Activity
Only one portion of the data is to be written out: from the line bearing "圖五:國立臺灣工藝研究發展中" through the line bearing "Coefficient of determination and". Write it exactly as it appears.

*** Information supplied Section Begins ***

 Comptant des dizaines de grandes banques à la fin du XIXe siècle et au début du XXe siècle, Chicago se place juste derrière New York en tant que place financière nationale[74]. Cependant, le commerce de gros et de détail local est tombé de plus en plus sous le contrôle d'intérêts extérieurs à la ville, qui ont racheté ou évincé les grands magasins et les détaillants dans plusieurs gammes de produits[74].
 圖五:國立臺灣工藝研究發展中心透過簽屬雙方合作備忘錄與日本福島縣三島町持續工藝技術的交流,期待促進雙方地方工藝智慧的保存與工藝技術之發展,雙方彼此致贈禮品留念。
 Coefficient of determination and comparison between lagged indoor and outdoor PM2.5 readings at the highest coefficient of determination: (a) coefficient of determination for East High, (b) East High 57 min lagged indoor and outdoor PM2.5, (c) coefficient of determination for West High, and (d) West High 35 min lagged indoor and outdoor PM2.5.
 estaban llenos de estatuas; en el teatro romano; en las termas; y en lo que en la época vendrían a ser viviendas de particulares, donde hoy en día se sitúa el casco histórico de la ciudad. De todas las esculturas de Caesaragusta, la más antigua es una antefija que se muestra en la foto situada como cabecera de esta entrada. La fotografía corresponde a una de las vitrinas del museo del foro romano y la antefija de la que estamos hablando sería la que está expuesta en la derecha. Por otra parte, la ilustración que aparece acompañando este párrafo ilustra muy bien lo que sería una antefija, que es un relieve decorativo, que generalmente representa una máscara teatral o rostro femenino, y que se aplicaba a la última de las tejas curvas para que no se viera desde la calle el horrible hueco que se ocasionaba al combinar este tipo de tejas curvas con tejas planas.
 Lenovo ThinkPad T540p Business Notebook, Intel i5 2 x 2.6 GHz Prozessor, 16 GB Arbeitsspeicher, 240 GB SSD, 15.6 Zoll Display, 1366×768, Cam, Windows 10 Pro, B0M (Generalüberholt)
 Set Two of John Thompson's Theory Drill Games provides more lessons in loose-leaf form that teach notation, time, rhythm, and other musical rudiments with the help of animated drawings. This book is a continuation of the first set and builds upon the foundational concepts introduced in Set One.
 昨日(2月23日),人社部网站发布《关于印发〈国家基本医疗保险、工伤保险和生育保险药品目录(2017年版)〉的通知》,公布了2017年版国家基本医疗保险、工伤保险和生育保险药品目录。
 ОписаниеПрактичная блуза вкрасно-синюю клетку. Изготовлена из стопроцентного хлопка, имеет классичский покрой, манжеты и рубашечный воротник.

*** Information supplied Section Ends ***

Your solution
 圖五:國立臺灣工藝研究發展中心透過簽屬雙方合作備忘錄與日本福島縣三島町持續工藝技術的交流,期待促進雙方地方工藝智慧的保存與工藝技術之發展,雙方彼此致贈禮品留念。
 Coefficient of determination and comparison between lagged indoor and outdoor PM2.5 readings at the highest coefficient of determination: (a) coefficient of determination for East High, (b) East High 57 min lagged indoor and outdoor PM2.5, (c) coefficient of determination for West High, and (d) West High 35 min lagged indoor and outdoor PM2.5.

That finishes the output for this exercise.